--- COLLECTED MATERIAL Enclosed Below ---

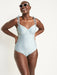 Tie-Shoulder Striped Seersucker Underwire One-Piece Swimsuit for Women
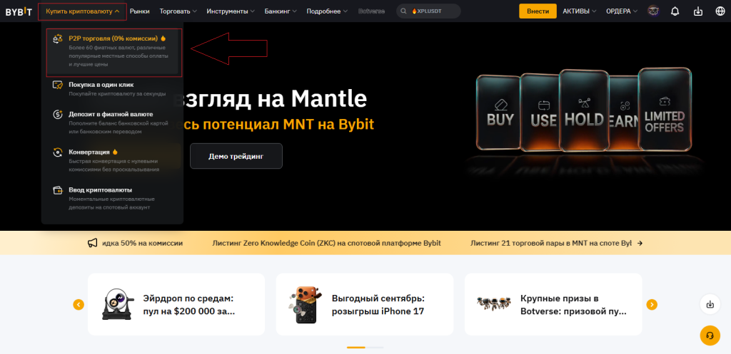 Самый сбалансированный способ — покупка криптовалюты через P2P на Bybit. Биржа обеспечивает ликвидность и безопасность через эскроу и нулевую комиссию.
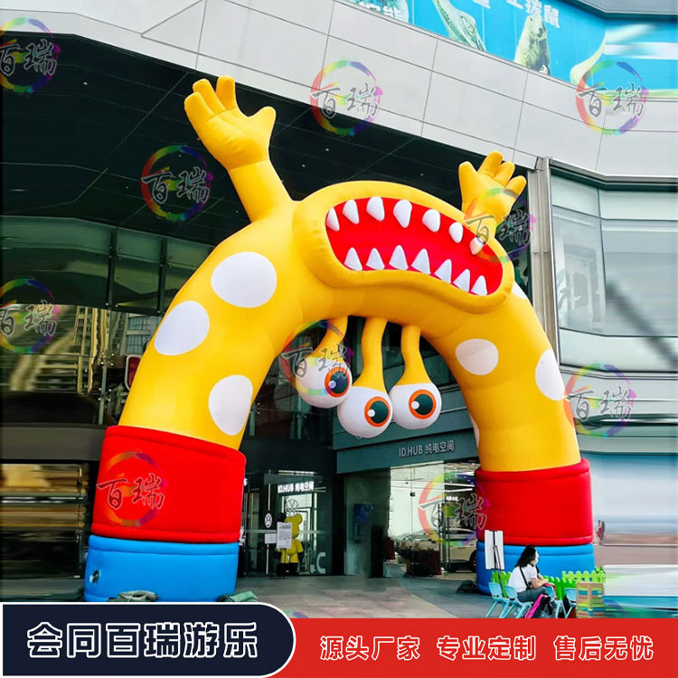漫画の黄色の小さい怪獣の目のアーチの空気のモデルの活動の入り口の子供の遊びのインタラクティブな写真撮影の配置の道具
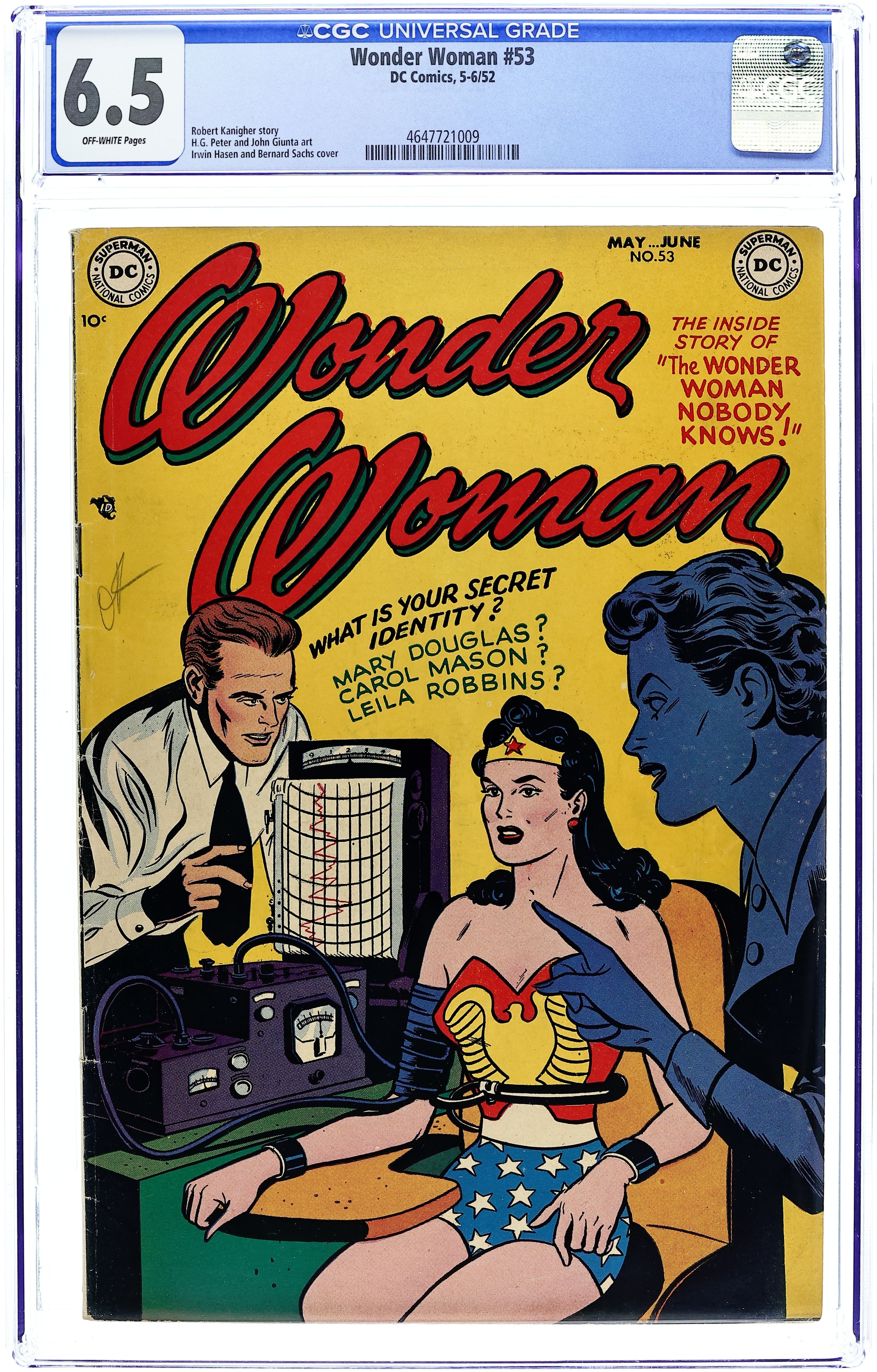 Cover pencils by Irwin Hasen, inks by Bernard Sachs. "Return of the Phantom Empire," script by Robert Kanigher, art by Harry G. Peter; Paradise Island finds itself at war with the land of Mu from 90 centuries ago! Jerry The Jitterbug humor page by Henry Boltinoff. "Little Miss Wonder Woman," script by Robert Kanigher, art by Harry G. Peter; Wonder Woman adopts a little girl who has lost her parents. Wonder Women of History: two-page Emilja Plater bio by Julius Schwartz, art by John Giunta. "Happy Landing" text story. "The Mystery of the Magic Typewriter," script by Robert Kanigher, art by Harry G. Peter Wonder Woman vs. leprechaun Moon O'Day; story used in Fredric Wertham's "Seduction of the Innocent." 52 Pages, Full Color. Cover price $0.10.

--- End of Enclosed COLLECTED MATERIAL ---

▶ [INSTRUCTIONS TO FOLLOW]: Please give again, exactly and only, the lines from the top of the listing above through the line that has "漫画の黄色の小さい怪獣の目の", with pictures left out.

▶ [SOLUTION TO THIS PROBLEM]:
 Tie-Shoulder Striped Seersucker Underwire One-Piece Swimsuit for Women
 Самый сбалансированный способ — покупка криптовалюты через P2P на Bybit. Биржа обеспечивает ликвидность и безопасность через эскроу и нулевую комиссию.
漫画の黄色の小さい怪獣の目のアーチの空気のモデルの活動の入り口の子供の遊びのインタラクティブな写真撮影の配置の道具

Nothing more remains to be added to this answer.